The Digest: What about allergies? How have they been a factor in what you’ve tried to do?
Chef Ann: We definitely deal with allergies, every school district does. We try to put little icons on the menu for things that are gluten free, and we have an entire allergen list of every single menu item and every allergen in it on our website. Parents can join an allergen list serve so that if anything changes from the listed menu, they know right away. So we really try to work with parents.
We’re peanut free in K-5, so families know that. My philosophy is you have to really do everything you can to care for kids with allergies when they’re really young, and as they get older, help them manage their allergies because nobody lives in a bubble.
The Digest: What do you think is causing all the allergies? Are we just diagnosing them more, or is it chemicals in our food?
Chef Ann: You know, I think that something like peanut allergies, when I was a kid, nobody had peanut allergies, as opposed to everyone has them now. And I think some of it is what we’ve done to the food. I mean, the ubiquitous chemicals in our food supply, ubiquitous GMOs, and all of these things we’ve done to the food have really put us in a place where I think peoples' immune systems aren’t as good as they used to be.

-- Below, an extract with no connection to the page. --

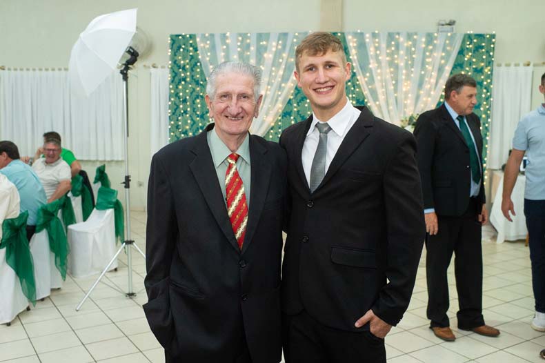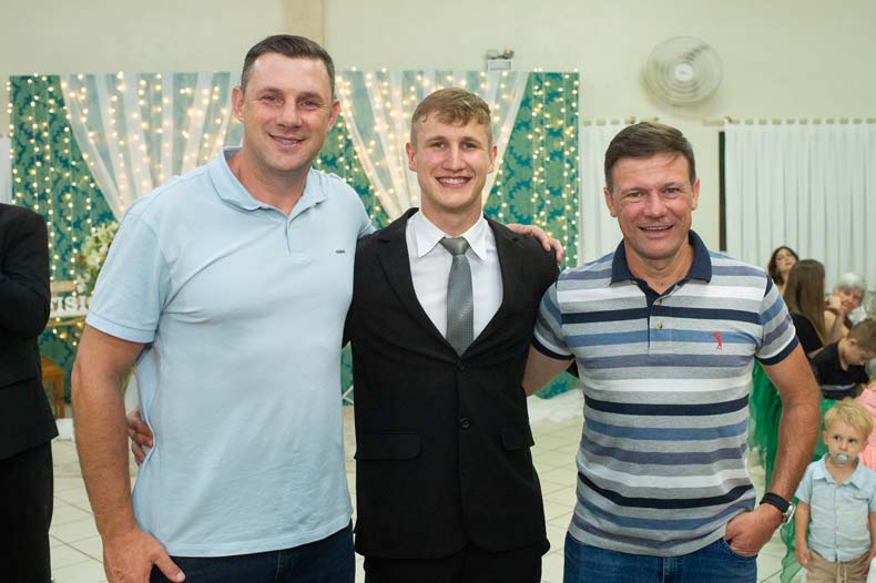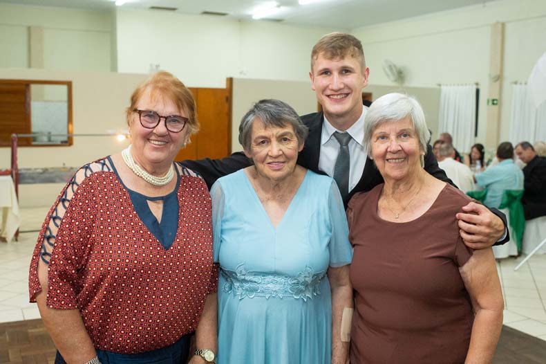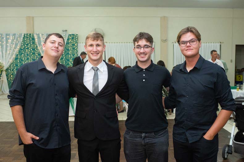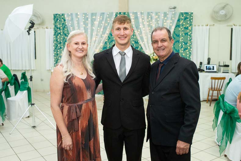 Augusto Jost Lawisch, ao lado dos pais Elisa e Inácio Lawisch e da namorada Maria Eduarda Voese, recebeu familiares e amigos na noite da última sexta-feira, 23, na Comunidade São Luiz, no Monte Verde, para festejar sua formatura no curso de Educação Física – Bacharelado.

I can remember as a kid when we made and ate mud pies. Now parents are phobic if their kids are dirty. Everyone runs around with hand sanitizer. We don’t get little bits of sick, which keeps us from getting a lot sick, and I think part of the rise in allergies is really the processed food and what we’ve done to the food.

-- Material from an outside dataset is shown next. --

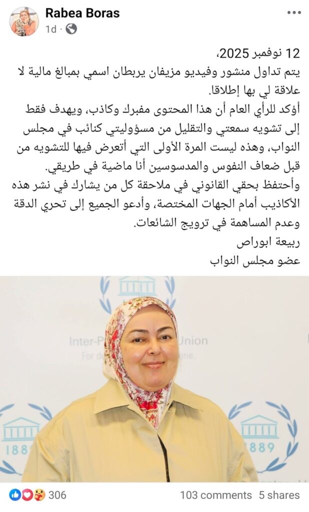 “يتم تداول منشور وفيديو مزيفان يربطان اسمي بمبالغ مالية لا علاقة لي بها إطلاقا.

The Digest: What about ways we can encourage our kids to eat better? Are there tricks to the trade to get kids interested in what they’re eating?
Chef Ann: I think that one of the things we see a lot, like with middle school kids, we have been working with them on the environment and being green and waste reduction and pollutants. They’re really interested in the environment. And with high school kids, there really are a lot of them into health. So with little kids it’s about tastings, with older kids it seems to be about connecting with them where they are.
With the middle school Iron Chef competition, the food they come up with is unbelievable, and the winning recipe — or sometimes more than one recipe — actually make it on our menu the following year. We really have to touch them where they are, meet them where they are.
The Digest: How often do you still make it in the kitchen?
Chef Ann: I’m out at the schools during the school year at least a couple days a week, sometimes more.
The Digest: Do you ever miss just being behind a burner or over a kettle?
Chef Ann: I get to go out and go into the production kitchen fairly often, so I wouldn’t say that I am that removed from it, but sometimes it’s nice to just do nothing but cook.
The Digest: So how can someone help out with the Chef Ann Foundation? Or what if someone wants to do their own small part to help promote healthy eating and the exploration of food in our kids?
Chef Ann: If there are people in Boulder who are looking to work on food in the school district locally, they should just get in touch with us because there are lots of volunteer opportunities. You can go right to the ChefAnnFoundation.org website, and there’s lots of opportunity to support the organization in your respective local communities or on a national level. There are lots of ways to connect and support.